RECORDS FOR PROCESSING ->
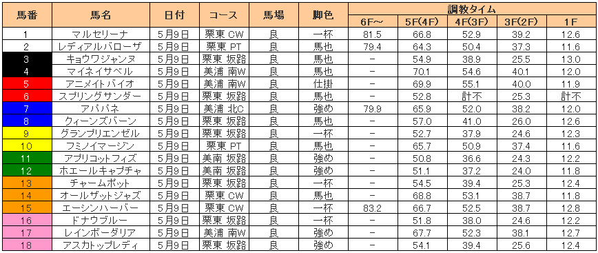ヴィクトリアマイル(G1)出走馬の調教タイム
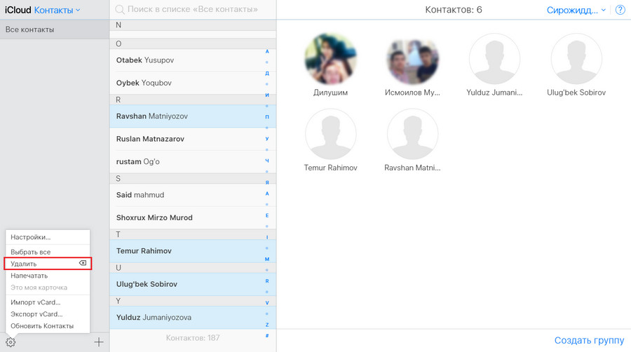 Mayli, kontaktlarni tezroq o'chirish eeng sodda usuli bu iColud dan o'chirish.
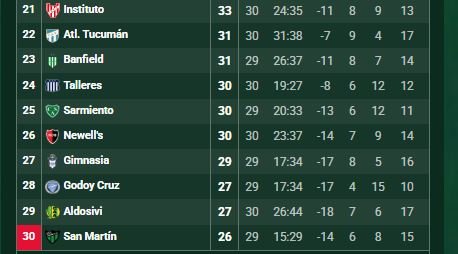 San Martín de San Juan, con 26 puntos, quedó en el fondo pero como estaría descendiendo por los promedios no hay que contarlo y en este momento habría un desempate entre Aldosivi (27) y Godoy Cruz (27). No se toma en cuenta la diferencia de gol.
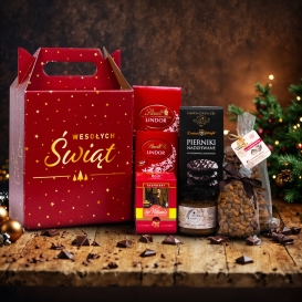 Elegancki box - kuferek prezentowy z rączką na Boże Narodzenie. W zestawie znajdziemy popularne słodycze od Lindt, herbatę malinową, pierniki toruńskie, miód piernikowy, orzeszki prażone z miodem oraz ciastka owsiane z Manufaktury z dodatkiem malin.
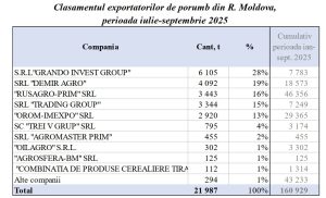 Ca urmare, valoarea totală a exporturilor de porumb s-a redus la 87,9 milioane lei în iulie–septembrie 2025 — cu 5% mai puțin decât în 2024 și de aproape cinci ori mai mică decât recordul din 2022, care a depășit 426 milioane lei. În luna septembrie, livrările externe au fost de doar 1 943 tone, cel mai scăzut nivel lunar din ultimii cinci ani.
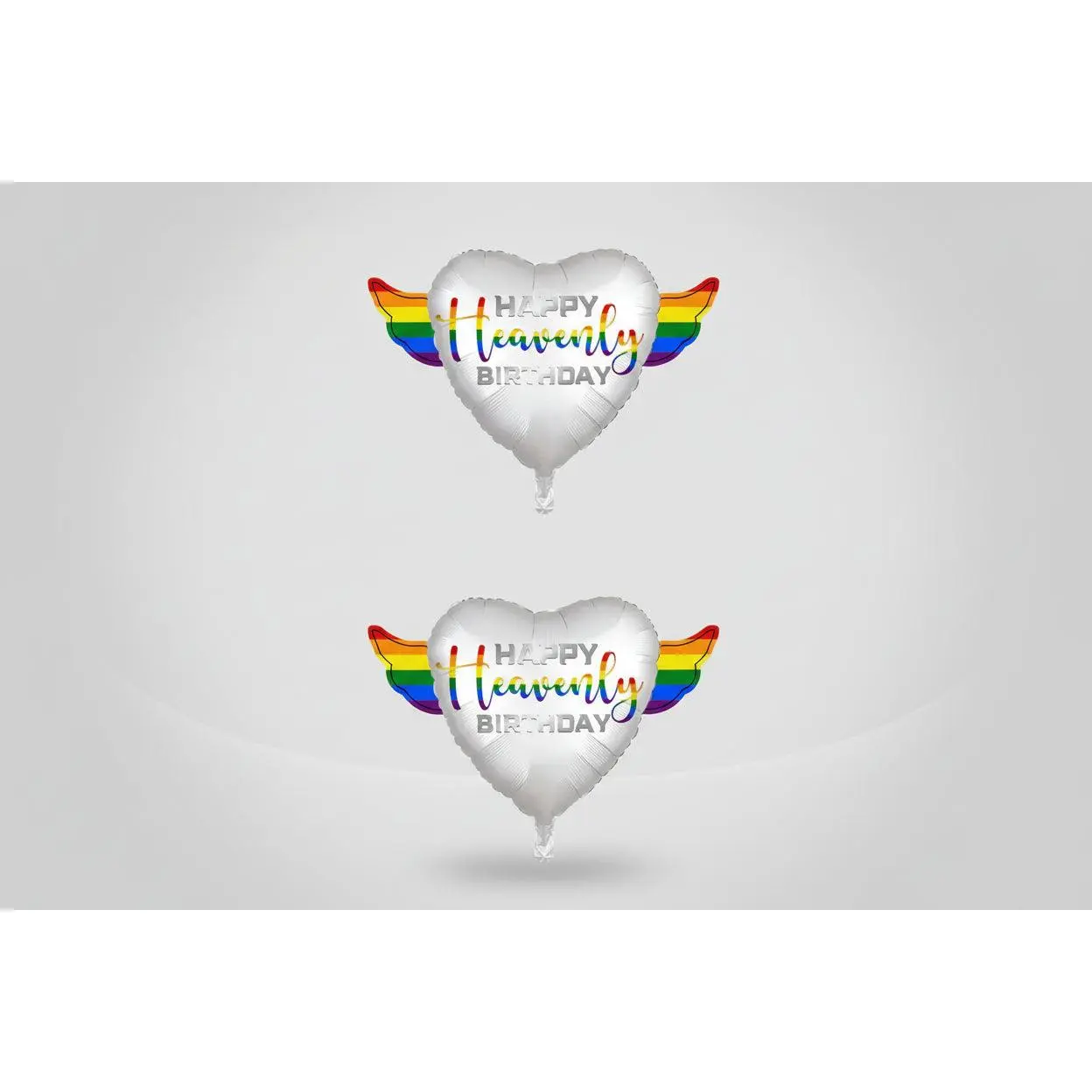 2 x Colorful heart-shaped Happy Heavenly Birthday memorial balloon with rainbow angel wings
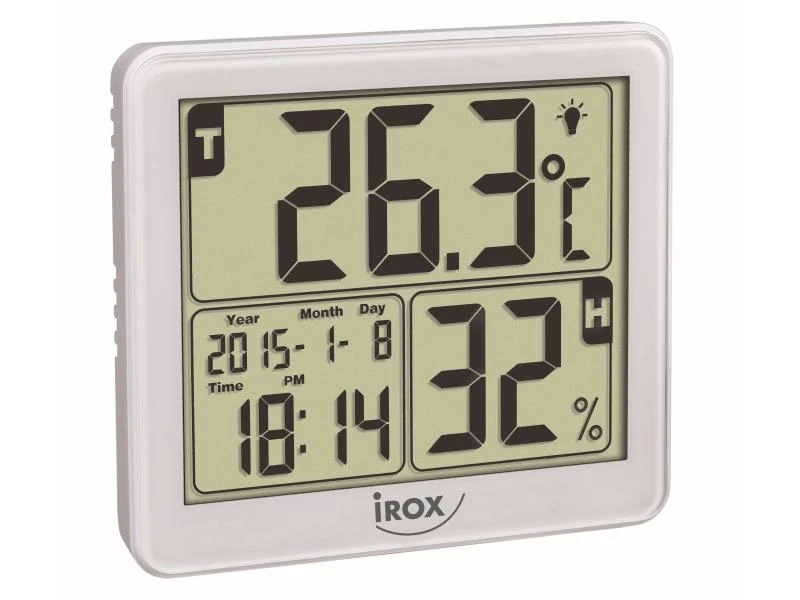 Das Thermo-/Hygrometer DTH-16W von iROX ist der ideale Begleiter für die Überwachung der Innentemperatur und Luftfeuchtigkeit in Ihrem Zuhause. Auf dem grossen Display mit Hintergrundbeleuchtung werden Ihnen die Raumtemperatur, die Luftfeuchte, die Uhrzeit und das Datum angezeigt. Das handliche Gerät lässt sich bequem aufstellen oder auch an der Wand montieren. Benötigt wird eine AA-Batterie. Sie ist im Lieferumfang nicht enthalten.
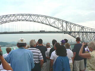 アメリカ橋 太平洋側の閘門 朝6時過ぎに運河に到着。最初に見えるのがアメリカ橋である。この道路は南北アメリカをつなぐ重要な橋という。間もなくこの運河の特徴である閘門に近づく。運河と本船の間は1bもないのでスリル満点である。よく見ると船がこすった後があちこちに見ることができた。
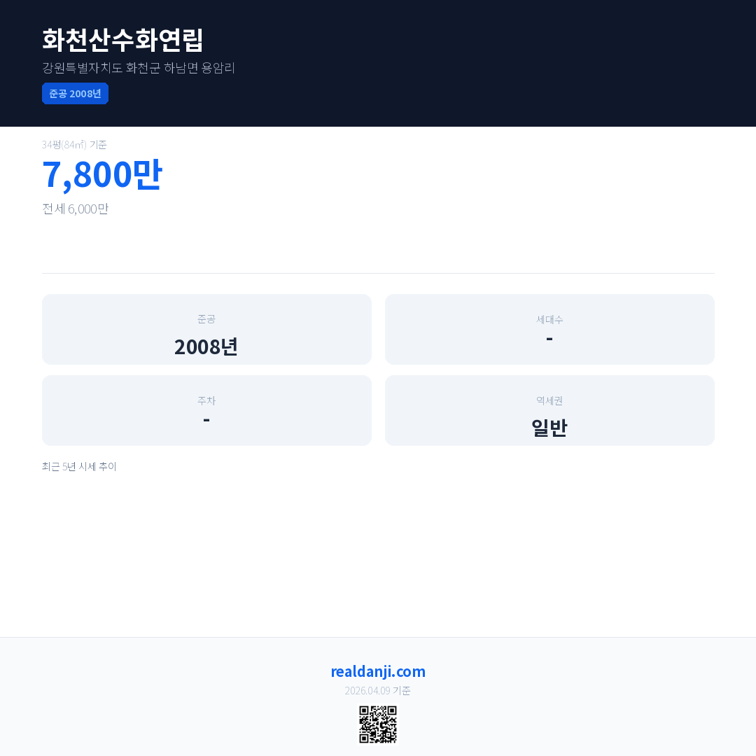 화천산수화연립 최근 거래가는 7,800만입니다. (2026-02)
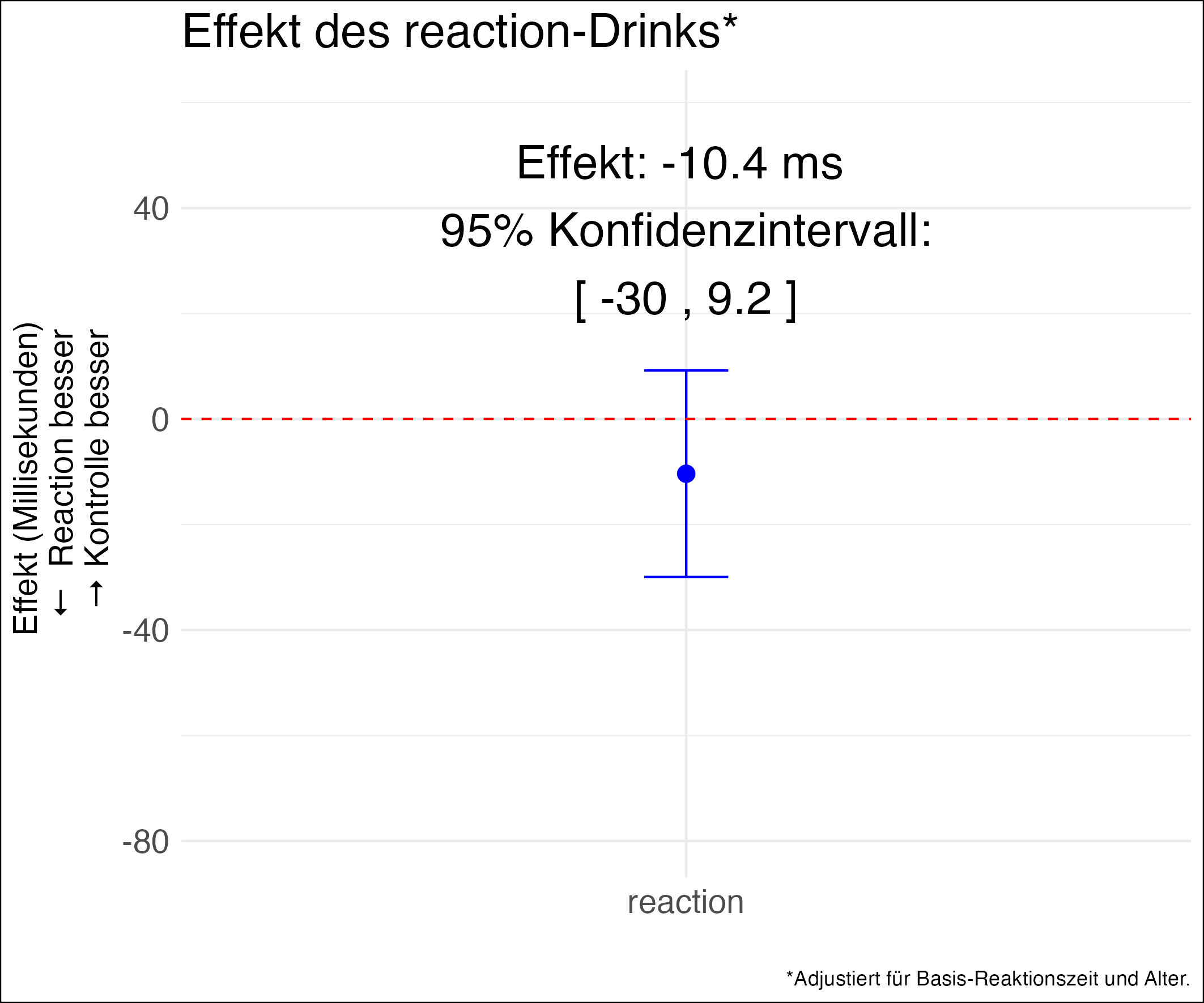 Die statistische Modellierung ergibt, dass die mittlere Differenz der Reaktionszeit zwischen der reaction Gruppe und der Kontrollgruppe -10.4 ms beträgt. Da das 95%-Konfidenzintervall den Nulleffekt (d.h. kein Effekt des reaction Drinks) beinhaltet, schliessen wir daraus, dass kein statistisch relevanter Effekt des reaction-Drinks in der Gesamtpopulation vorliegt. Diese Schätzwerte wurden für die Basis-Reaktionszeit und Altersgruppen adjustiert.

TASK DETAILS ->
Repeat every line above exactly, but omit all images.

TASK ANSWER ->
ヴィクトリアマイル(G1)出走馬の調教タイム
 Mayli, kontaktlarni tezroq o'chirish eeng sodda usuli bu iColud dan o'chirish.
 San Martín de San Juan, con 26 puntos, quedó en el fondo pero como estaría descendiendo por los promedios no hay que contarlo y en este momento habría un desempate entre Aldosivi (27) y Godoy Cruz (27). No se toma en cuenta la diferencia de gol.
 Elegancki box - kuferek prezentowy z rączką na Boże Narodzenie. W zestawie znajdziemy popularne słodycze od Lindt, herbatę malinową, pierniki toruńskie, miód piernikowy, orzeszki prażone z miodem oraz ciastka owsiane z Manufaktury z dodatkiem malin.
 Ca urmare, valoarea totală a exporturilor de porumb s-a redus la 87,9 milioane lei în iulie–septembrie 2025 — cu 5% mai puțin decât în 2024 și de aproape cinci ori mai mică decât recordul din 2022, care a depășit 426 milioane lei. În luna septembrie, livrările externe au fost de doar 1 943 tone, cel mai scăzut nivel lunar din ultimii cinci ani.
 2 x Colorful heart-shaped Happy Heavenly Birthday memorial balloon with rainbow angel wings
 Das Thermo-/Hygrometer DTH-16W von iROX ist der ideale Begleiter für die Überwachung der Innentemperatur und Luftfeuchtigkeit in Ihrem Zuhause. Auf dem grossen Display mit Hintergrundbeleuchtung werden Ihnen die Raumtemperatur, die Luftfeuchte, die Uhrzeit und das Datum angezeigt. Das handliche Gerät lässt sich bequem aufstellen oder auch an der Wand montieren. Benötigt wird eine AA-Batterie. Sie ist im Lieferumfang nicht enthalten.
 アメリカ橋 太平洋側の閘門 朝6時過ぎに運河に到着。最初に見えるのがアメリカ橋である。この道路は南北アメリカをつなぐ重要な橋という。間もなくこの運河の特徴である閘門に近づく。運河と本船の間は1bもないのでスリル満点である。よく見ると船がこすった後があちこちに見ることができた。
 화천산수화연립 최근 거래가는 7,800만입니다. (2026-02)
 Die statistische Modellierung ergibt, dass die mittlere Differenz der Reaktionszeit zwischen der reaction Gruppe und der Kontrollgruppe -10.4 ms beträgt. Da das 95%-Konfidenzintervall den Nulleffekt (d.h. kein Effekt des reaction Drinks) beinhaltet, schliessen wir daraus, dass kein statistisch relevanter Effekt des reaction-Drinks in der Gesamtpopulation vorliegt. Diese Schätzwerte wurden für die Basis-Reaktionszeit und Altersgruppen adjustiert.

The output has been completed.